EXERCISE PROMPT:
When you reach the line containing "2015年12月4日,由声学", please repeat it and every line after it exactly, through the end of the listing below, skipping pictures.

STORED DATA:
※ ※ ※

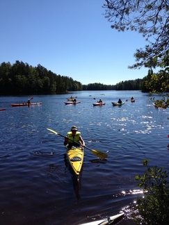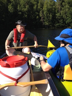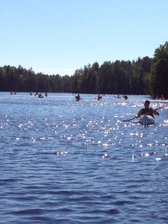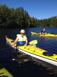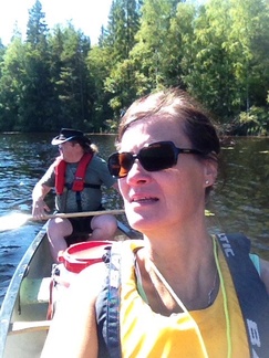 Sunnuntain 16.8. päivämelontaretki suuntautui Karkkilan länsipuolen pikkujärville. Ryhmämme kiersi 4 henkilön joukolla kolmella kanootilla ympyrälenkin 4 järven kautta. Pari vetotaivaltakin matkalle osui. Niiden ylityksissä kalusto kannettiin kannaksen yli seuraavaan järveen. Kuvissa näkyy enemmänkin kanootteja. Meidän ryhmämme lisäksi reittiä kiersi Hiidenveden Purjehtijoiden melontaporukka. Kuvat retkellä otti Pia Salo.
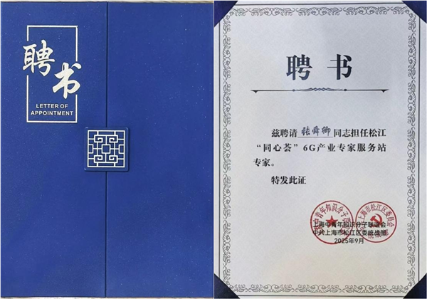 9月20日,上海大学人才工作办公室副主任、九三学社上海大学委员会委员张舜卿受邀参加“同心聚智慧 众志绘新篇”——2025年上海党外专家服务日活动,在主会场作主旨报告并受聘成为松江“同心荟”6G产业专家服务站专家。上海市委常委、统战部部长陈通出席主会场活动,上海市委统战部副部长张峰出席并颁发专家证书。
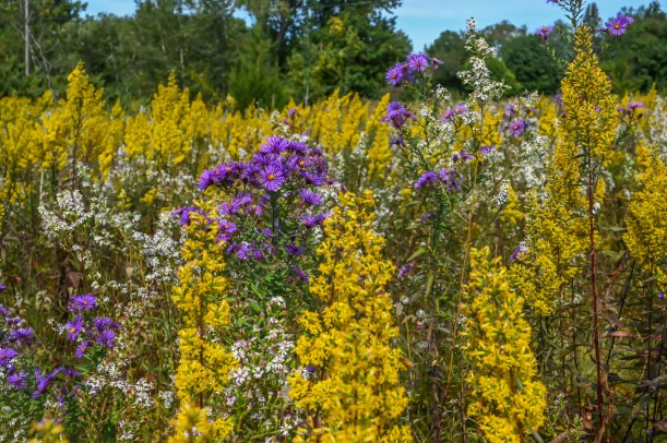 Just about a mile up our country road is a corner filled with pyramid shaped goldenrod and dark purple asters. If I happen to go by when the sun is low I can’t help but be mesmerized.
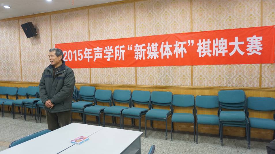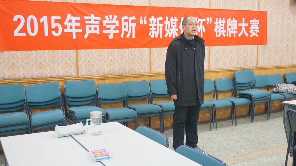 2015年12月4日,由声学所工会、声学所团委主办,国家网络新媒体工程技术研究中心赞助,声学所棋牌协会承办的一年一度的 “新媒体杯”棋牌赛在声学所DSP多功能厅隆重开幕。“新媒体杯”棋牌大赛为我所传统活动,本次比赛的主题是“快乐棋牌,快乐生活”,通过本次比赛希望选手们在繁忙的科研之余劳逸结合,增进交流,缓解工作压力,提高科研效率。本次比赛共有62个队伍,92人参加,其中升级30组,五子棋32组。大赛秉着友谊第一、比赛第二的理念,为大家提供了一个缓解工作和学习压力、促进相互间了解和友谊的环境。
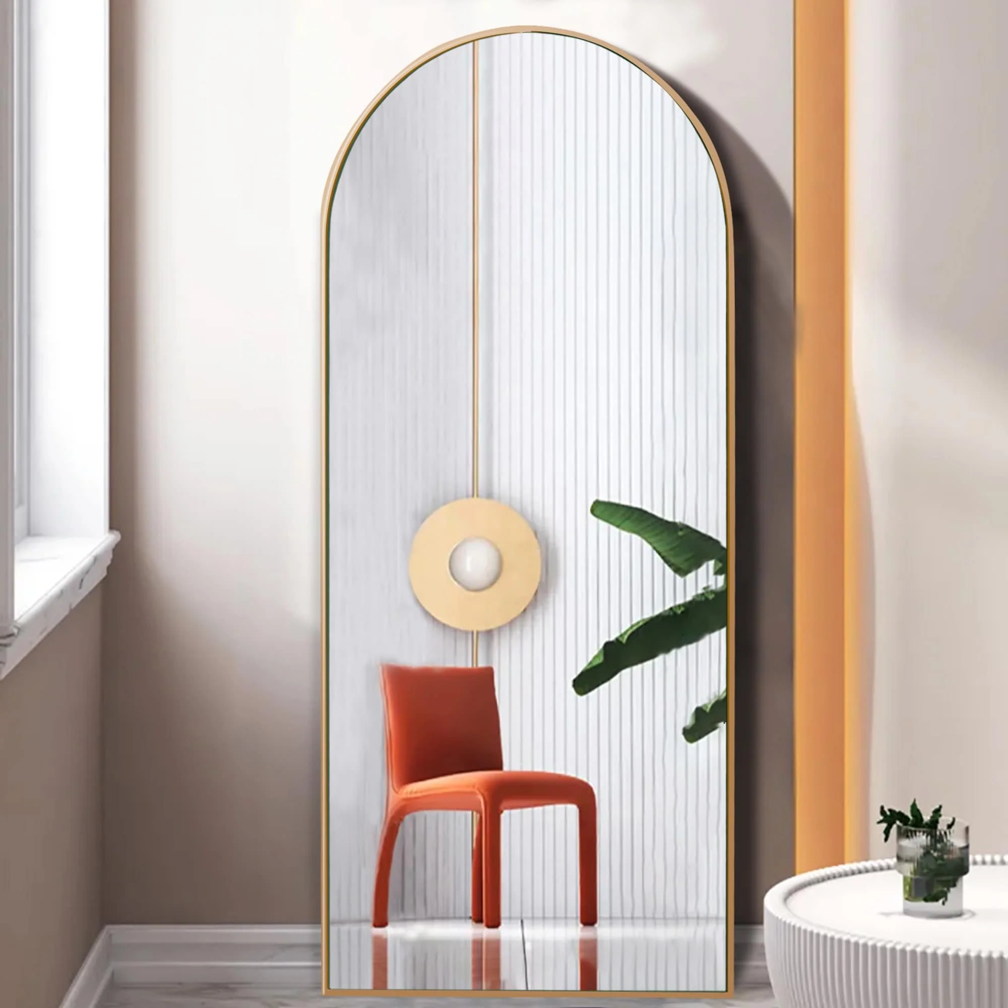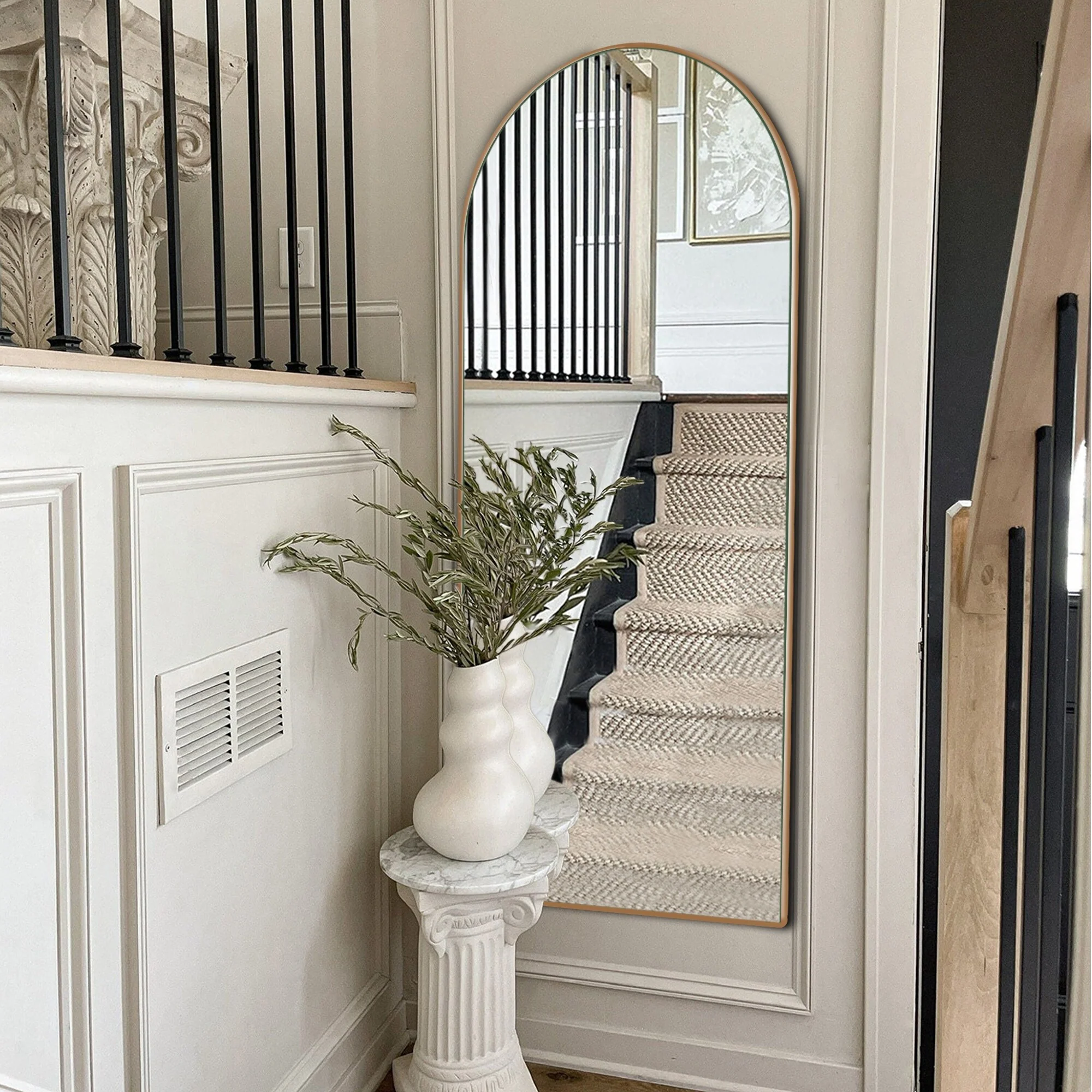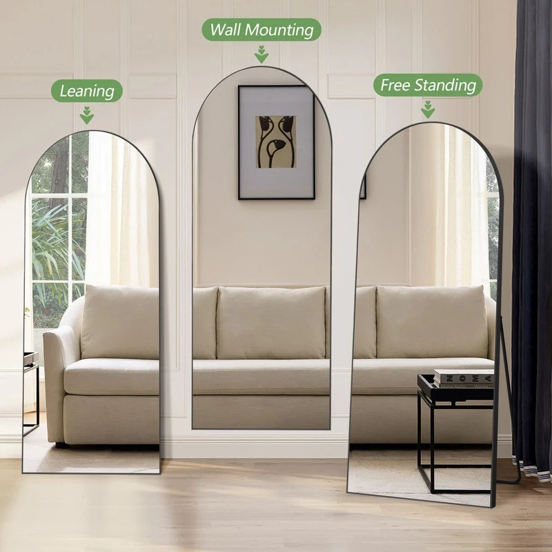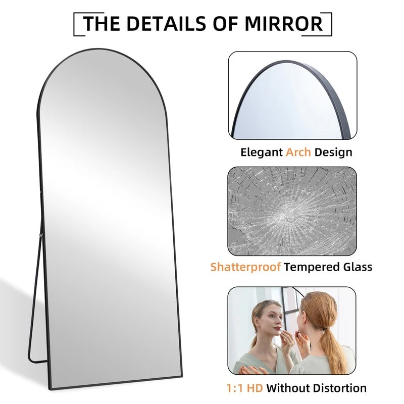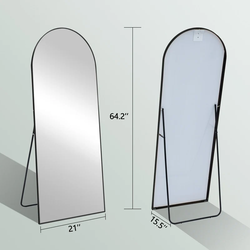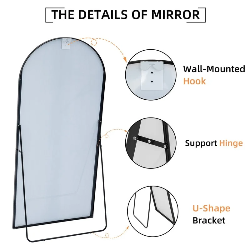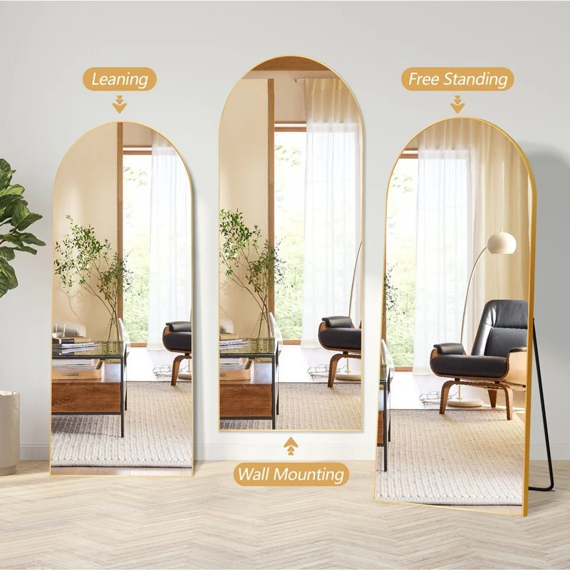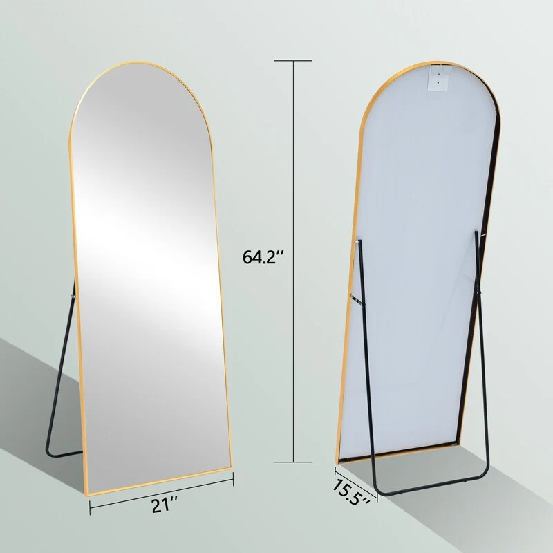 Upgrade your interior decor with this Modern Glam Arched-Top Full Length Floor Mirror with Stand. Perfect for clothing stores, salons, apartments or your own bedroom, this mirror is both decorative and functional. Correct your yoga poses in front of it, take a selfie or check out your workout results. With its U-shaped brackets and anti-skid pads, this mirror is also safe for homes with curious pets. This mirror is available in several sizes, it's free-standing and easy to hang on the wall, making it a great addition in any room. Crafted from high-quality MDF and glass, this mirror is sure to impress.
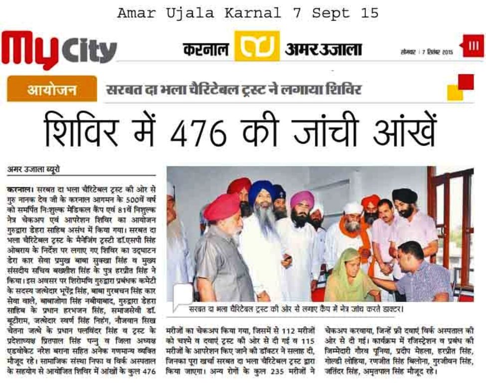 Eye Camp no.81 at Gurudwara Dera Sahib Assand Karnal

※ ※ ※

TASK RESULT:
 2015年12月4日,由声学所工会、声学所团委主办,国家网络新媒体工程技术研究中心赞助,声学所棋牌协会承办的一年一度的 “新媒体杯”棋牌赛在声学所DSP多功能厅隆重开幕。“新媒体杯”棋牌大赛为我所传统活动,本次比赛的主题是“快乐棋牌,快乐生活”,通过本次比赛希望选手们在繁忙的科研之余劳逸结合,增进交流,缓解工作压力,提高科研效率。本次比赛共有62个队伍,92人参加,其中升级30组,五子棋32组。大赛秉着友谊第一、比赛第二的理念,为大家提供了一个缓解工作和学习压力、促进相互间了解和友谊的环境。
 Upgrade your interior decor with this Modern Glam Arched-Top Full Length Floor Mirror with Stand. Perfect for clothing stores, salons, apartments or your own bedroom, this mirror is both decorative and functional. Correct your yoga poses in front of it, take a selfie or check out your workout results. With its U-shaped brackets and anti-skid pads, this mirror is also safe for homes with curious pets. This mirror is available in several sizes, it's free-standing and easy to hang on the wall, making it a great addition in any room. Crafted from high-quality MDF and glass, this mirror is sure to impress.
 Eye Camp no.81 at Gurudwara Dera Sahib Assand Karnal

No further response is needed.